Wide interest from the scientific community to make information from phylogenies in general and chronograms in particular available for consultation and reuse has spurred the creation of public platforms with various goals and characteristics. TreeBASE (Morell 1996; Piel et al. 2002), the Dryad repository (http://datadryad.org/), and the Open Tree of Life (OToL; Hinchliff et al. 2015) are platforms that store and make available published phylogenies and chronograms for easy scientific reuse. Tree in all of them can be queried using automatised web procedures, which permit personalized, large scale searches that are also very fast. OToL stores trees with branch length information from a wide range of living organisms, implementing a metadata structure that stores the branch length units (i.e., time or relative susbtitution rates). Treebase and Dryad repositories also contain trees from all groups of life, but the former did not store branch length information until recently (and lacks consistent metadata on what any branch lengths stored mean) and Dryad stores many other types of biological data using metadata that does not allow automatic distinction of types of trees and branch length units, impairing the automatised access to time of lineage divergence information.
Besides keeping a repository to easily store and share expert phylogenetic and chronogram knowledge, OToL also has the primary goal of synthesising all trees in their repository to expose to the community a single tree of all life depicting the phylogenetic relationships among known lineages. All or parts of this synthetic tree can be reused for any purpose. However, it currently only focus on synthesizing tree topology, meaning that it does not expose branch length data of any type. The Timetree of Life project focuses on the synthesis of a single chronogram of life (Hedges et al. 2006) and presents a very accessible, attractive interface. However, the thousands of chronograms this NSF-funded project have compiled for synthesis are only publicly available for visual examination in their website or for download as images, but large scale download remains prohibited by their site. The latest version of their synthetic chronogram (Kumar et al. 2017) can be queried only through their website in a non-automatised fashion, and only subsets of it can be reused for analyses with the permission of the authors. Other platforms such as SuperSmart (Antonelli et al. 2017) and phylogenerator (Pearse and Purvis 2013) are focused in automatised de novo chronogram inference, by reusing DNA sequence data to reconstruct phylogenetic trees. However, expert fossil information necessary for subsequent molecular dating analyses still needs to be compiled and curated by the user, rendering them a challenging tool to obtain data on time of lineage divergence for the non-specialist. Moreover, these tools do not provide information from already created expert chronograms.

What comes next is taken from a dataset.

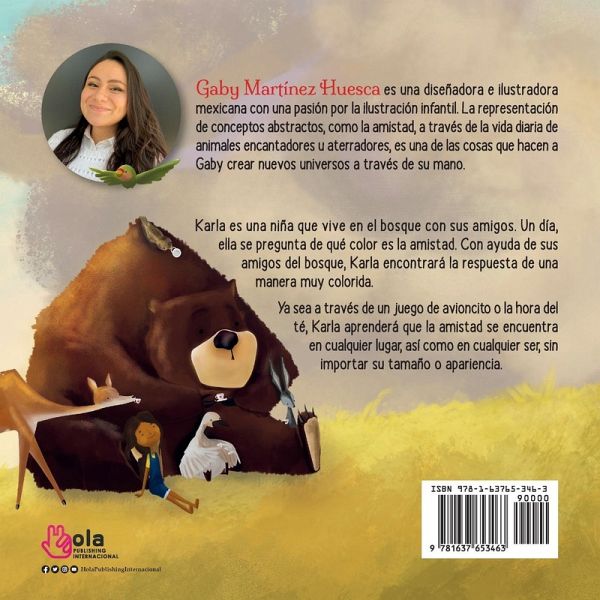 Karla es una niña que vive en el bosque con sus amigos. Un día, ella se pregunta de qué color es la amistad. Con ayuda de sus amigos del bosque, Karla encontrará la respuesta de una manera muy colorida. Ya sea a través de un juego de avioncito o la hora del té, Karla aprenderá que la amistad se encuentra en cualquier lugar, así como en cualquier ser, sin importar su tamaño o apariencia.

A tool for efficient reuse of expert, published data on time of lineage divergence should have an open and fully public chronogram database storing data in a format suitable for scientific reuse, an automatised way of accessing the information, and straightforward means of comparing and summarizing chronogram information as needed by the user. A prototype service aiming to meet this characteristics was developed over a series of hackathons at the National Evolutionary Synthesis Center (Stoltzfus et al. 2013). In here we present the formal description and implementation of the datelife service, constituted by an R package and a web site (http://www.datelife.org/). There is still much room for improvement, and flaws and limitations are addressed below. We strived for the current implementation of datelife to perform the basic tasks described above, featuring a system for maintenance of an open database of chronograms pulled from public repositories, methods to summarize and compare source chronograms, and new functions to visualize and graphically compare source and summary chronograms.
Description
The basic datelife workflow is shown in figure 1 and consists of:
A user providing at least two taxon names as input, either as tip labels on a tree, or as a simple comma separated character string. The tree can be in newick or phylo format, and can be with or without branch lengths.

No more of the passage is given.